Butterfield? Neither; he is an ADASC representative. One by one the critics
identify themselves and explain the critical basis of their work: "all
criticism is subjective," says Betty Ann Brown, "and anyone who
disagrees is ignorant." In this, if in nothing else, L.A.'s art critics
are agreed. An advantageous position: if criticism is not objective, it is what
you or I say it is, let alone art. Clement Greenberg realized that there was
something which was kitsch and something which was something else again, and
this was a major discovery; "quality," however, says Betty Ann Brown, "is a dangerous word," because it keeps
down the socially disadvantaged. Indeed, this self-described
"feminist" critic holds that self-expression itself, the "means
of production," is too narrowly held, and it is her role as a critic to
expand its holdings. If you have read Betty Ann Brown's reviews in ArtScene,
you know her. She talks very much the way she writes.
Now, you or I may say that a critic with no grasp of his trade may well throw
up his hands and say "all is good" with a Druidical blessing, or we
might dismiss the whole business as a somewhat antiquarian vessel of wrath. You
or I have not been asked yet. First all the participants must address, for some
reason, the County Museum's Made In California
show, and this includes the moderator, who is the West Coast man for the
American Art branch of the Smithsonian Institution, a polished individual who
justifies his expertise in these matters by describing his championship of R.B.
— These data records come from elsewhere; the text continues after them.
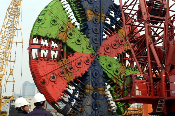 “巨无霸”盾构机刀头吊装落位
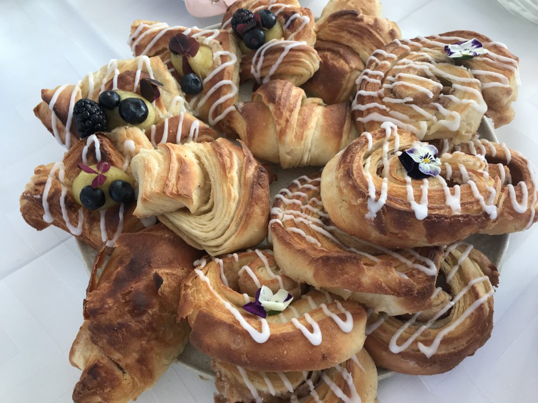 Jeg kunne ikke lade være med at spørge om jeg måtte have lov til, at medbringe morgenkager til morgenbordet og det måtte jeg heldigvis. ? Jeg havde om morgenen lavet croissanter med nougat, marcipan og hindbær, spandauer med marcipan og vaniljecreme og kanelsnegle!
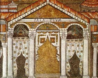 | Keywords: Palatium di Teodorico.jpg Basilica of Sant'Apollinare Nuovo in Ravenna Italy The Palace of Theodoric Mosaic of a Ravennate italian-byzantine workshop completed within 526 AD by the so-called Master of Sant'Apollinare After the defeat of Theodoric the wall mosaics in the Palace and Cathedral were redone by the Byzantines to remove Gothic features The figures in this mosaic were replaced by curtains presumably due to lack of time Several remnants of the earlier work are visible such as a portion of an arm on the third pillar from the left Basilica di Sant'Apollinare Nuovo a Ravenna Il palazzo di Teodorico Mosaico di scuola ravennate italo-bizantina completato entro il 526 d C dal cosiddetto maestro di Sant'Apollinare Dopo la sconfitta del re goto Teodorico i mosaici murali del suo palazzo e questi della cattedrale furono rifatti dai bizantini per cancellare ogni traccia dei precedenti dominatori I dignitari Goti di questo mosaico furono frettolosamente rimpiazzati da tende probabilmente per mancanza di tempo Rimangono diverse tracce del mosaico precedente per esempio un pezzo di un braccio sulla terza colonna da sinistra book G Pischel Storia Universale dell'Arte Vol 1 Mondadori Verona 1966 V-VI century author PD-Art Palace of Theodoric in the mosaics at Sant'Apollinare Nuovo Ravenna |

Kitaj, who lives in Westwood. He, the West Coast SI man, has mixed feelings
about Made In California, and so do they all,
at some length. Much work that ought to have been done was not done, points out
Michael Duncan.
Here the question is thrown to the audience. One fellow asks if Peter Frank
meant that "co-creating with dead artists" precluded the work of the
living. Not at all is the reply, but as Betty Ann Brown says, none of them is a
professional journalist; they all have other jobs.